The Local AI skill pack enables completely local AI inference without external API dependencies. Run language models and speech-to-text on your own hardware.
Included Services
Ollama Local LLM inference for chat and embeddings
Whisper Speech-to-text transcription
Skills Provided
Ollama Local LLM
Capabilities:
Chat completion
Text generation
Code generation
Text embeddings for RAG
JSON-structured output
Multi-turn conversations
Streaming responses
Example Usage:
# Chat completion
curl -X POST "http://ollama:11434/api/chat" \
-H "Content-Type: application/json" \
-d '{
"model": "llama3.2",
"messages": [
{"role": "system", "content": "You are a helpful assistant."},
{"role": "user", "content": "Explain quantum computing"}
],
"stream": false
}'
# Text generation
curl -X POST "http://ollama:11434/api/generate" \
-H "Content-Type: application/json" \
-d '{
"model": "codellama",
"prompt": "Write a Python function to calculate fibonacci numbers",
"stream": false
}'
# Generate embeddings
curl -X POST "http://ollama:11434/api/embed" \
-H "Content-Type: application/json" \
-d '{
"model": "nomic-embed-text",
"input": ["Text to embed", "Another text"]
}'
# JSON output mode
curl -X POST "http://ollama:11434/api/chat" \
-H "Content-Type: application/json" \
-d '{
"model": "llama3.2",
"messages": [
{"role": "user", "content": "List 3 programming languages"}
],
"format": "json",
"stream": false
}'
Whisper Transcribe
Capabilities:
Audio transcription
Multiple language support
Speaker diarization
Timestamp generation
Various audio formats
Subtitle generation (SRT, VTT)
Example Usage:
# Transcribe audio file
curl -X POST "http://whisper:9000/asr?task=transcribe&language=en&output=json" \
-F "audio_file=@/data/audio/recording.mp3"
# Response:
{
"text" : "Hello, this is a test recording.",
"segments" : [
{
"start" : 0.0,
"end" : 2.5,
"text" : "Hello, this is a test recording."
}
]
}
# Transcribe with timestamps (SRT format)
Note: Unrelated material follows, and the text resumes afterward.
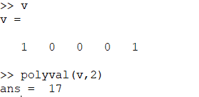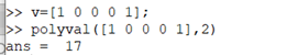한 번에 polyval([1 0 0 0 1],2)를 입력하면 아래와 같은 오류가 납니다. 반드시 행렬의 형태로 방정식을 먼저 표현 해준 뒤 함수에 집어넣어야 합니다.

curl -X POST "http://whisper:9000/asr?task=transcribe&language=en&output=srt" \
-F "audio_file=@/data/audio/recording.mp3"
# Translate to English
curl -X POST "http://whisper:9000/asr?task=translate&output=json" \
-F "audio_file=@/data/audio/spanish.mp3"
Use Cases
RAG (Retrieval-Augmented Generation)
Build a complete local RAG system:
# 1. Generate embeddings for documents
curl -X POST "http://ollama:11434/api/embed" \
-H "Content-Type: application/json" \
-d '{
"model": "nomic-embed-text",
"input": ["Document content here..."]
}'
# 2. Store in Qdrant (from Knowledge Base pack)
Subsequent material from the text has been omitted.